Despite continuing recall woes for Toyota, the automaker spared no expense last night in promoting the launch of the new Lexus CT 200h hybrid car. It's an undeniably hot car, though I admit I'm already a big fan of sport hatches, like the "Saabaru" and the Volvo C30. Celebs showed up in force to promote the car, and watch an entertaining debate on climate change hosted by quirky comedian Sarah Silverman.
First, the celebs who showed up to Skylight West, at 463 10th Avenue: The Daily Green crew got a good look at the Revered Run from Run-DMC (pictured), Zach Braff (ZB4ever!), model Tyson Beckford, some minor stars from the Twilight movies and a couple of dudes from The Daily Show. We heard that Kevin Bacon and wife Kyra Sedgwick were there, but none of us saw them. Good old-fashioned vinyl was spun by Paul Sevigny, who is Chloe Sevigny's older brother.
The main event was an entertaining debate between experienced environmental journalist Amanda Little (author of the recent book Power Trip and global warming skeptic Phelim McAlee (behind the Gore-bashing Not Evil Just Wrong film), moderated by Sarah Silverman. Silverman was hilarious and a spunky moderator, challenging each respondent, following up with intelligent questions, and injecting humor at nearly every turn. It's clear she knows a thing or two about the issues, and was well prepared on current debates around climate science.
Silverman started the raucous debate by asking Little, "Why do you have a problem with the world potentially being like California all the time?...And it will melt all the guns, why are you against that?" Little responded gracefully, answering that her position is the same as ExxonMobile, NASA, the Pope and others, that "The appropriate debate is not whether [climate change] is happening, but what to do about it." Little characterized the fight to address global warming as the "single biggest job creation engine of our time," and she pointed to the Lexus in the back of the room as an example of "an innovation in response."
McAlee criticized Little as a journalist who would agree with oil companies, the Pope, the Pentagon and other powers that be. Silverman quipped to the Irishman, "You're not a fan of the hockey stick graph because you don't have hockey in Ireland, or because you don't like science. Pick one." McAlee responded by saying that climate scientists and their supporters are anti-business and anti-capitalist, and "maybe didn't get along with their mothers."

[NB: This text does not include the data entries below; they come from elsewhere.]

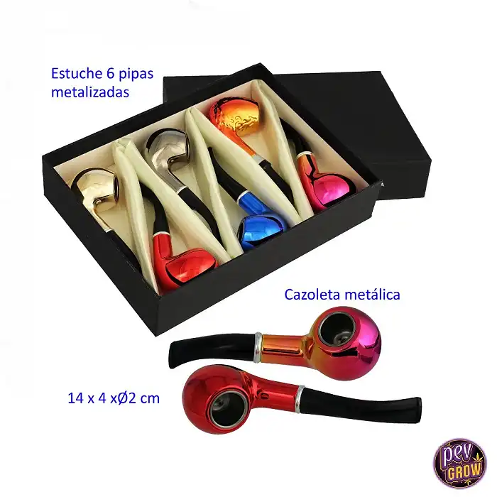 Este expositor incluye 6 pipas de metal, cada una con una longitud de 14 cm. El material metálico no solo garantiza una larga vida útil, sino que también contribuye a una experiencia de fumado más limpia y sin sabores indeseados, a diferencia de algunos materiales de menor calidad. El estuche es ideal para mantenerlas organizadas y protegidas, y la variedad de colores (según disponibilidad) añade un toque divertido a tu colección.
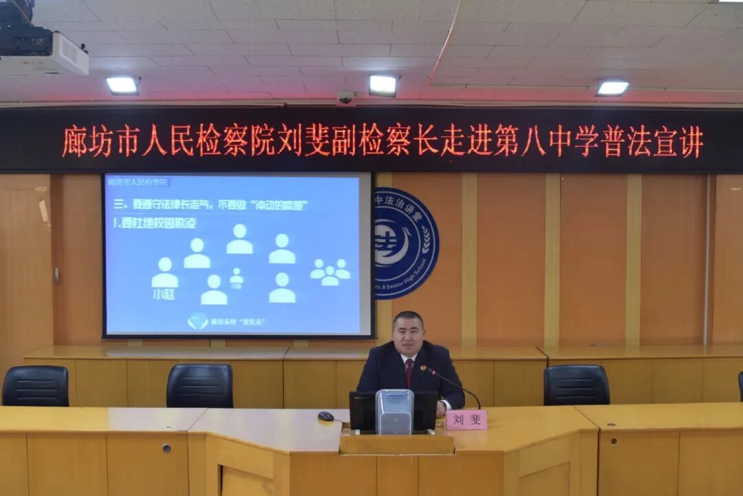 冉冉晨雾重,晖晖冬日微。为落实好检察官担任法治副校长制度,以司法保护促进校园安全和学生法治教育。11月22日上午,廊坊市人民检察院党组副书记、常务副检察长刘斐以法治副校长的身份再次走进廊坊市第八高级中学,为高一年级150余名师生讲授了一场生动的法治讲座,帮助同学们强化法律意识、加强守法自护。
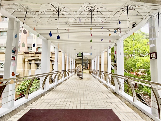 搭配展覽,圖書館也推出「隨心所悅」活動,看完展覽後,可在主題展版旁隨機抽取繪本卡片,閱讀並填寫線上問卷,出示完成畫面即可領取一份幸運小禮物。活動也呼應SDGs目標,全程以「可重複使用」的材料佈置,達到永續的成果。更值得一提的是,因疫情而關閉兩年之久,連接第二教研大樓及圖書館的空橋已重新開放,更精心布置許多「小彩蛋」讓觀展者尋找,期待師生一同共襄盛舉!
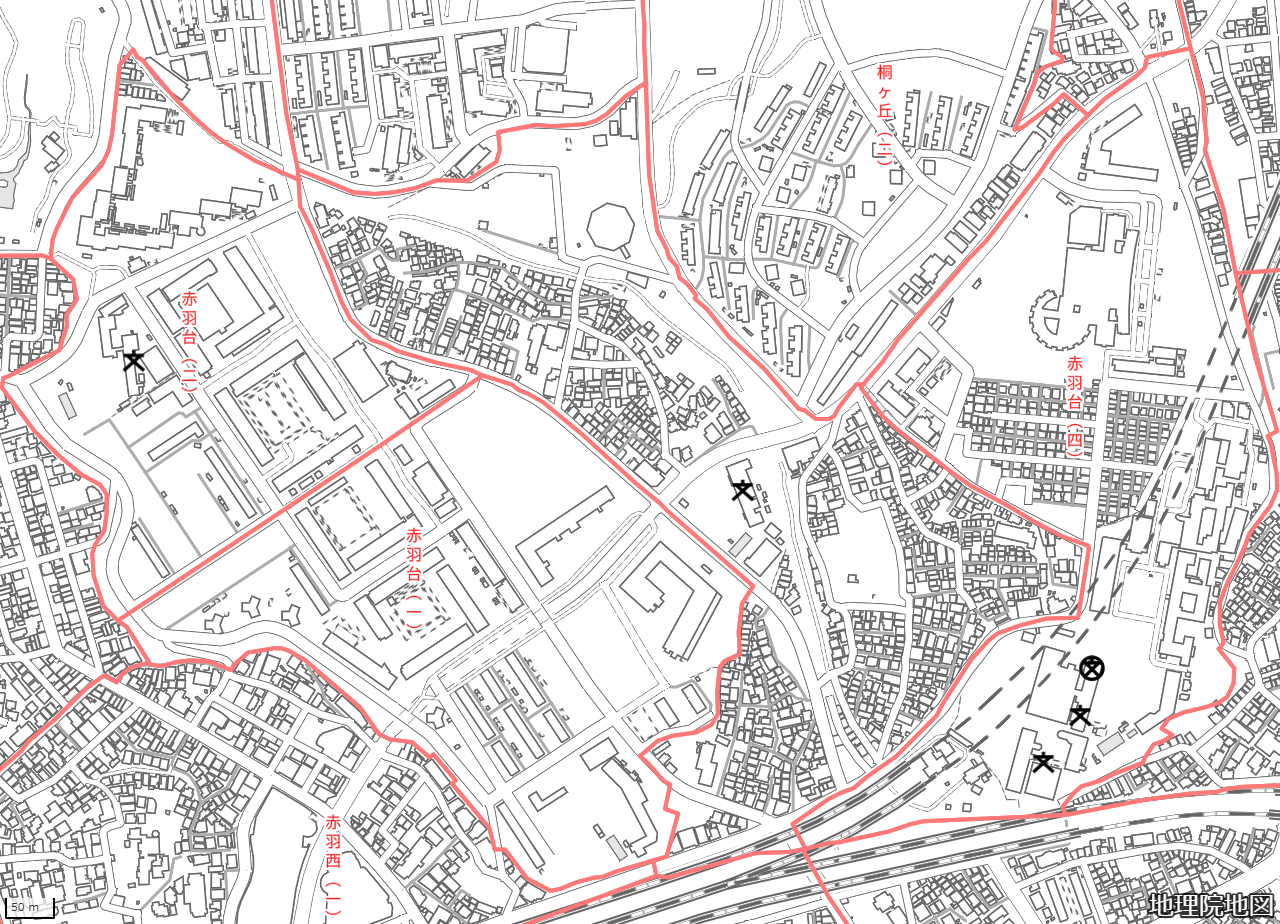地図の内容は国土地理院が作成した時点の情報を反映しており、実際の現況とは異なる場合があります。現在は存在しない建物や道路、新たに整備された施設などが含まれることがありますので、あらかじめご了承ください。
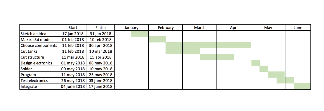 I have designed the boards and the tanks, but I have yet to cut and assemble them. I still need to program and test the fucntionality of the project.
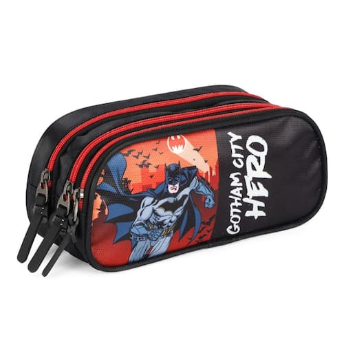 Estojo Triplo Escola Juvenil Super Heróis Batman Vermelho

Little countered, "Ninety percent of U.S. scientists polled say they fully accept the science. You make it seem like it's some fringe [global warming], but that's not true." Silverman chimed in that all the drama around it should be called "Climategate Gate." In regards to the hacked emails that set off so-called Climategate, Little said, "I have no compassion for a scientist who withholds any data, but its such an infinitesimal drop that it can't poison the well." (A British House of Commons committee has just exonerated Professor Phil Jones and the Climatic Research Unit at the University of East Anglia.)
McAlee made appeals against global warming on behalf of Middle America (he's not even American) and the developing world (which will be most impacted by the effects of global warming, and can most benefit from "leapfrog" technologies like solar and microhydro power). He received quite loud boos from the audience in response. Silverman asked him why he hates polar bears and disdains puppies, and he responded by asking why supposedly left-wing journalists suck up to "billionaires" like Al Gore. Little responded that she didn't think it was really about polar bears, it's about jobs, and creating millions of new ones through investing in clean technologies. Someone in the audience shouted, "Polar bears have jobs too!"
Little said she thought all roads lead to electric cars, and that hybrids are a transitional technology. She admitted that she doesn't win favor from her neighbors in Tennessee for her own Prius. She praised China for their stated commitment to green tech, to which Silverman responded, "For every female body in a dumpster they're going to get a car off the road."
Silverman asked McAlee if it was better to be safe than sorry, to which he responded that environmentalists shouldn't have pressured the ban on DDT, and that "Africa needs more energy, not less." Little responded that Africa needs energy, just not fossil fuels.
Who won the debate? Little, judging by the crowd response, which loudly applauded her and booed McAlee. She also presented more facts and statistics to back up her claims, while McAlee had little to say about climate science itself, instead focusing on broad and philosophical attacks.